**YOUR INSTRUCTIONS:** The listing below is to be copied exactly, with pictures excluded.

**DATASET CONTENT:**
★ ★ ★ ★ ★
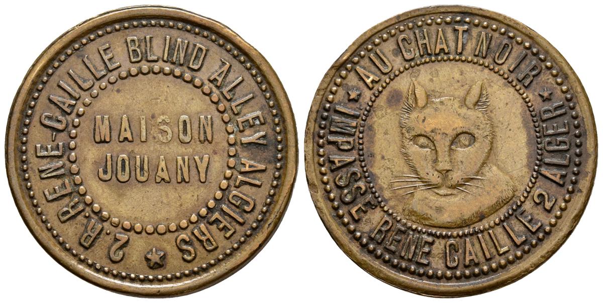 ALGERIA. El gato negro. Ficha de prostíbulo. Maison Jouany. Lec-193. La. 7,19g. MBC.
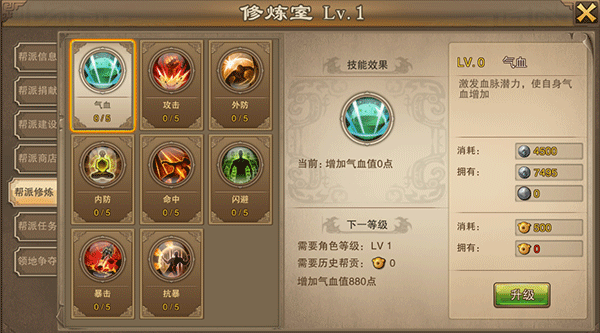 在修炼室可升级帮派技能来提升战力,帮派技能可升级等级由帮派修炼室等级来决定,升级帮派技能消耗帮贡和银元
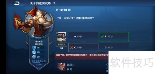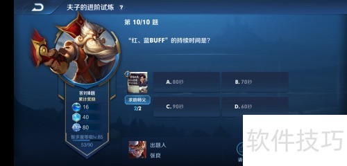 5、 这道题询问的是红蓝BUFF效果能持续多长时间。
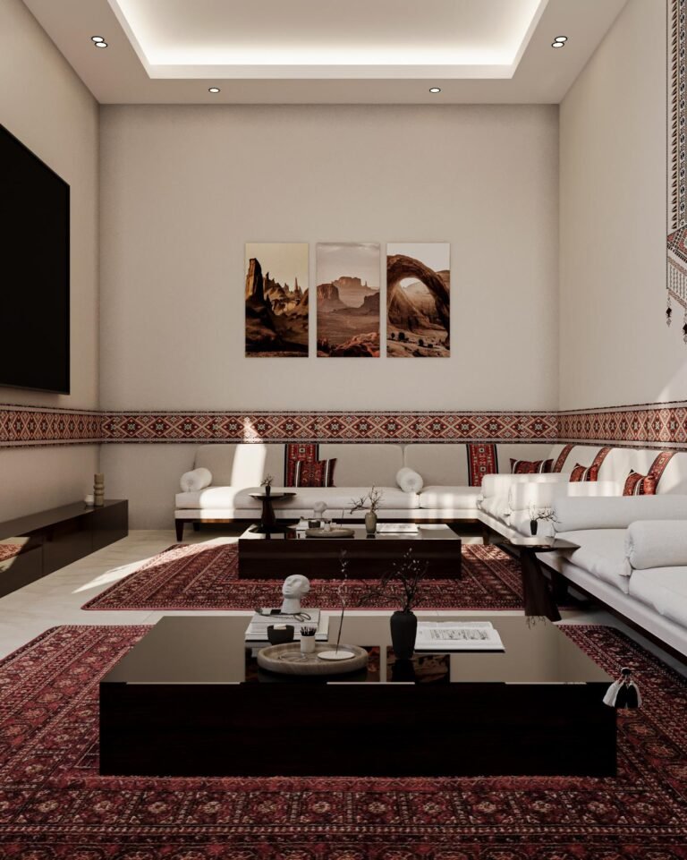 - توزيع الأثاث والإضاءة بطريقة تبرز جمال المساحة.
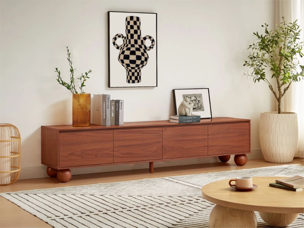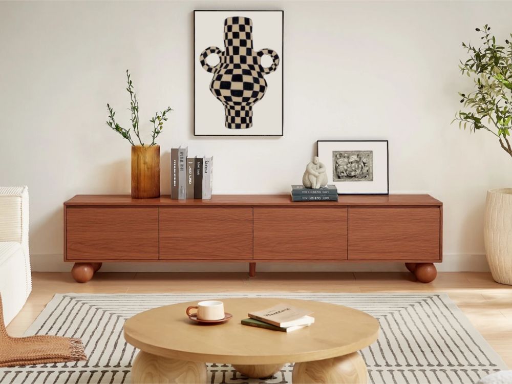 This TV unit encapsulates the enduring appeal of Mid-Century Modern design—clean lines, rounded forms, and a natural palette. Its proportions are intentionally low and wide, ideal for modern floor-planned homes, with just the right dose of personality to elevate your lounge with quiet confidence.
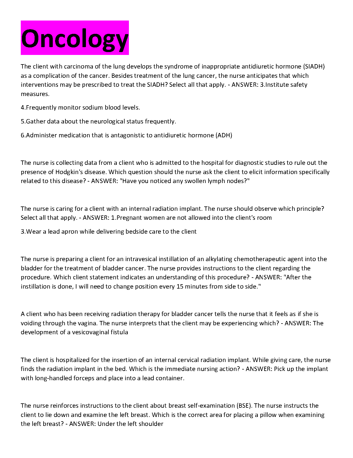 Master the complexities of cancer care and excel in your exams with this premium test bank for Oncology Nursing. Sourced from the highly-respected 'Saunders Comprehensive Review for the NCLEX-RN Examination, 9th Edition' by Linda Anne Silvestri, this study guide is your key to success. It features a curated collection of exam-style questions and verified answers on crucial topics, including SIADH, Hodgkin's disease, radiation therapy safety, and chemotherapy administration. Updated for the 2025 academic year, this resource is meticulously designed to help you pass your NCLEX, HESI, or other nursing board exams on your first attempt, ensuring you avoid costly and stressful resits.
★ ★ ★ ★ ★
**ANSWER TO THE EXERCISE:**
 ALGERIA. El gato negro. Ficha de prostíbulo. Maison Jouany. Lec-193. La. 7,19g. MBC.
 在修炼室可升级帮派技能来提升战力,帮派技能可升级等级由帮派修炼室等级来决定,升级帮派技能消耗帮贡和银元
 5、 这道题询问的是红蓝BUFF效果能持续多长时间。
 - توزيع الأثاث والإضاءة بطريقة تبرز جمال المساحة.
 This TV unit encapsulates the enduring appeal of Mid-Century Modern design—clean lines, rounded forms, and a natural palette. Its proportions are intentionally low and wide, ideal for modern floor-planned homes, with just the right dose of personality to elevate your lounge with quiet confidence.
 Master the complexities of cancer care and excel in your exams with this premium test bank for Oncology Nursing. Sourced from the highly-respected 'Saunders Comprehensive Review for the NCLEX-RN Examination, 9th Edition' by Linda Anne Silvestri, this study guide is your key to success. It features a curated collection of exam-style questions and verified answers on crucial topics, including SIADH, Hodgkin's disease, radiation therapy safety, and chemotherapy administration. Updated for the 2025 academic year, this resource is meticulously designed to help you pass your NCLEX, HESI, or other nursing board exams on your first attempt, ensuring you avoid costly and stressful resits.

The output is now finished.